→ **MATERIALS PROVIDED**
- - -

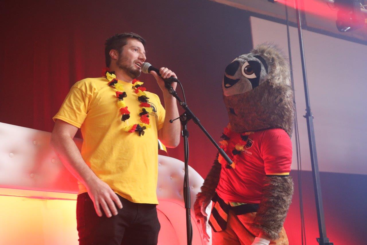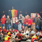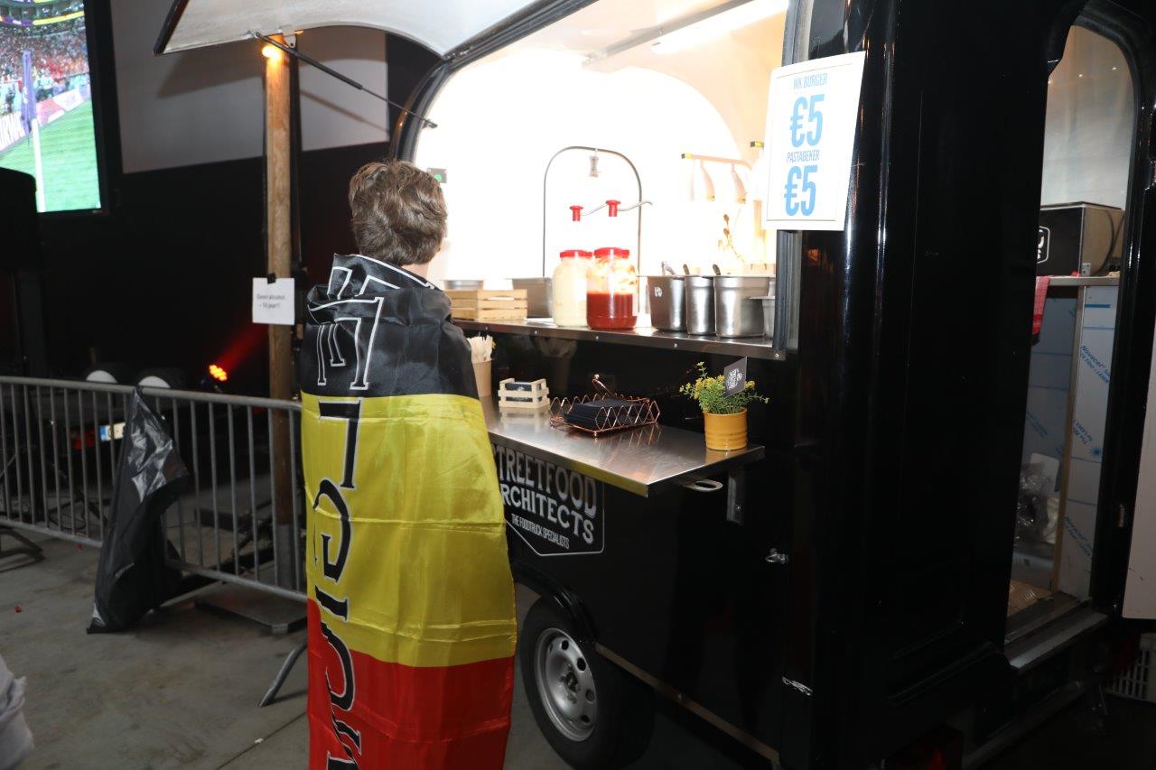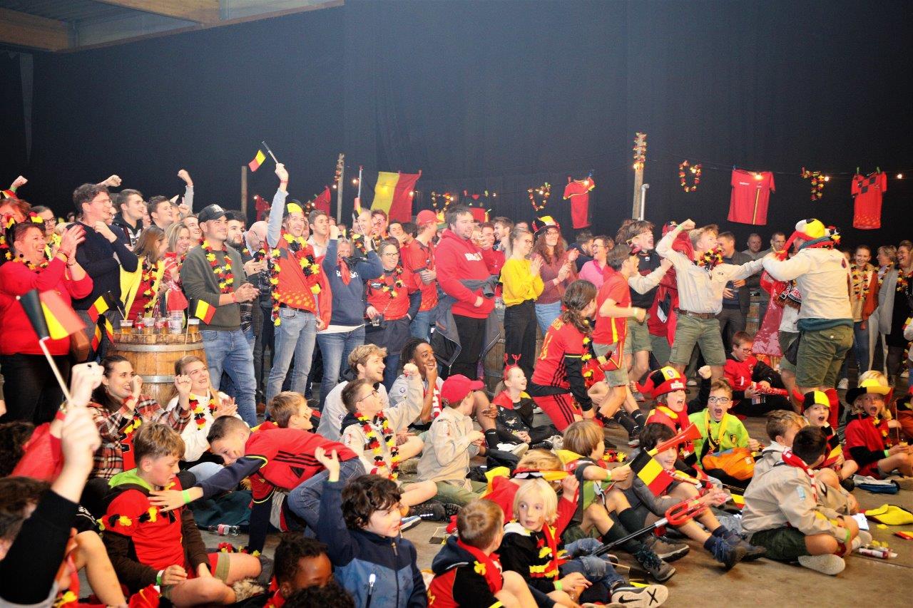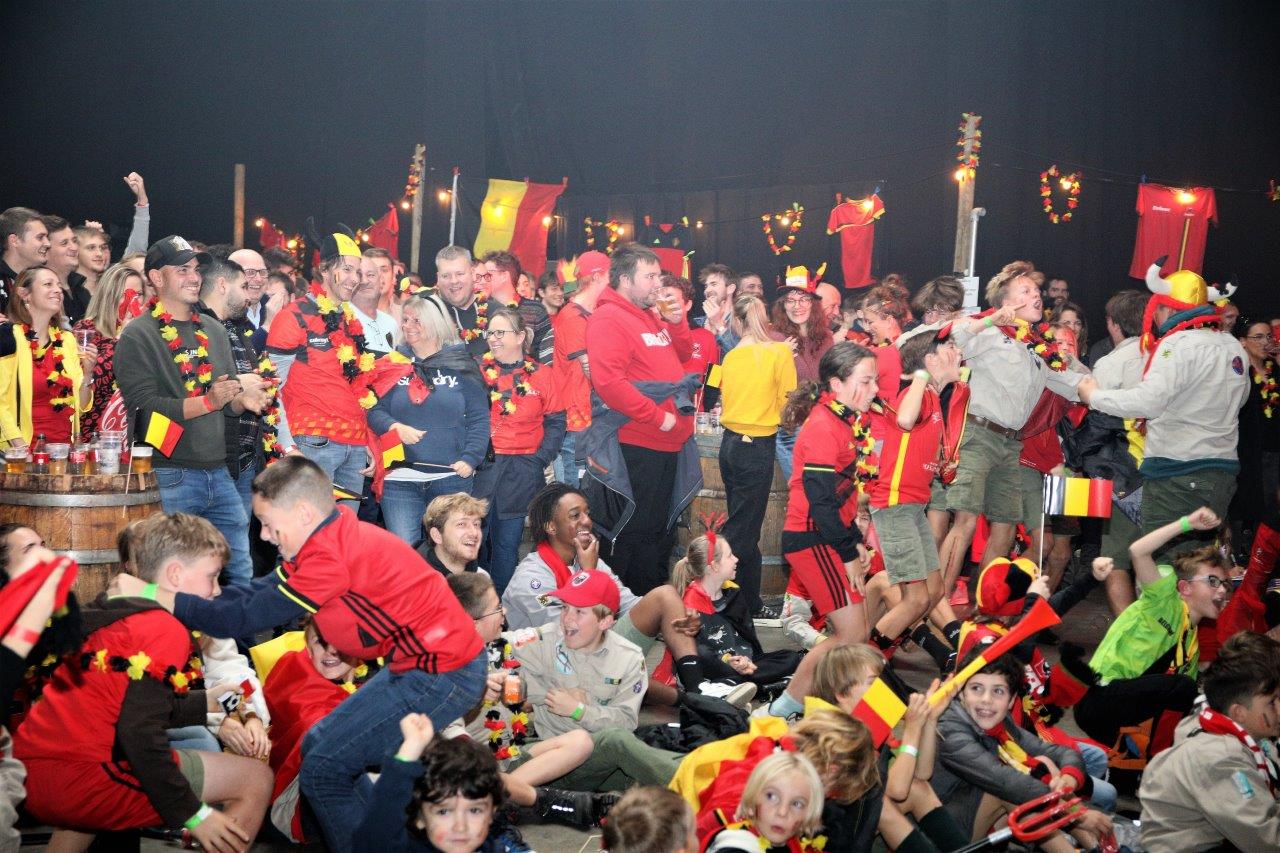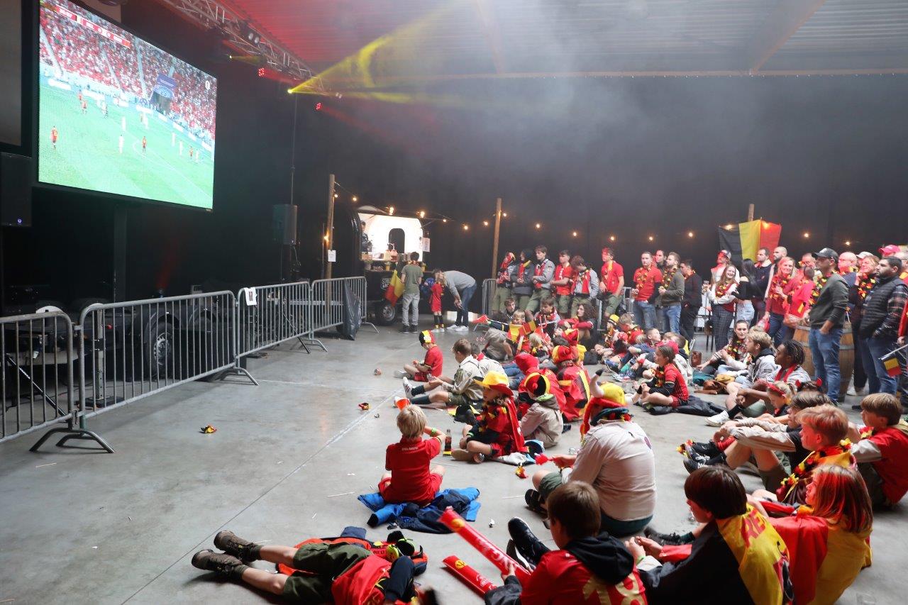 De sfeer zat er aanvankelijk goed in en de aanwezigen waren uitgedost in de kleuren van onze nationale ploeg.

- - -

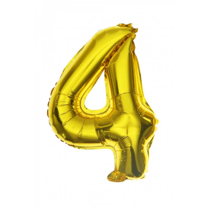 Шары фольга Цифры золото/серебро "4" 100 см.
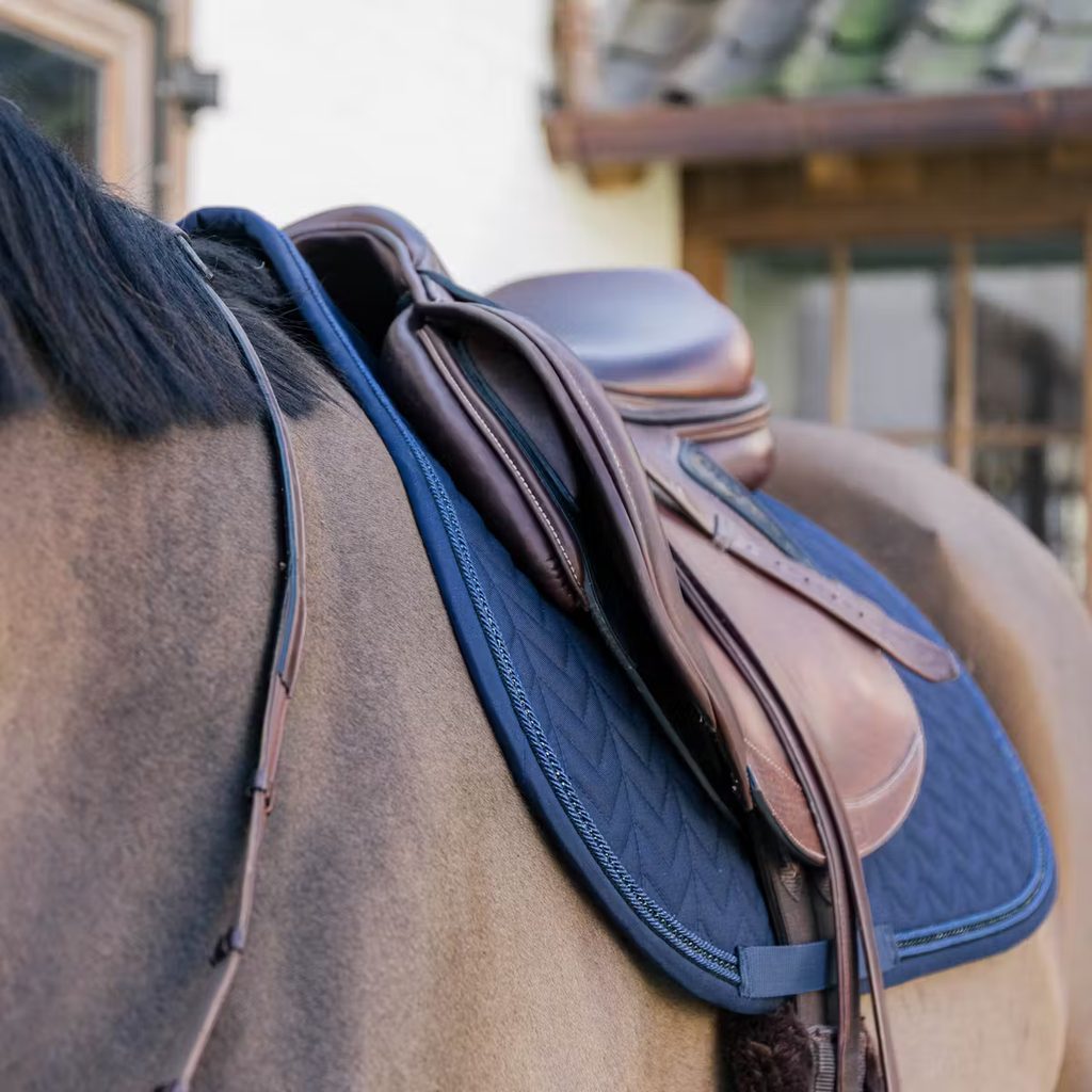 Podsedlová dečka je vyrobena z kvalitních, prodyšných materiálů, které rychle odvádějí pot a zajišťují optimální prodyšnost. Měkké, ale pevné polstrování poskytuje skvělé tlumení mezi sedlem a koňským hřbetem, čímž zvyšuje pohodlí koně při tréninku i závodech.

- - -

→ **ABOUT THIS EXERCISE**
In the records above, everything from the line with "Шары фольга Цифры" down to the line with "Podsedlová dečka je" must be duplicated exactly, both lines kept. Leave no pictures in.

→ **ANSWER BOX**
 Шары фольга Цифры золото/серебро "4" 100 см.
 Podsedlová dečka je vyrobena z kvalitních, prodyšných materiálů, které rychle odvádějí pot a zajišťují optimální prodyšnost. Měkké, ale pevné polstrování poskytuje skvělé tlumení mezi sedlem a koňským hřbetem, čímž zvyšuje pohodlí koně při tréninku i závodech.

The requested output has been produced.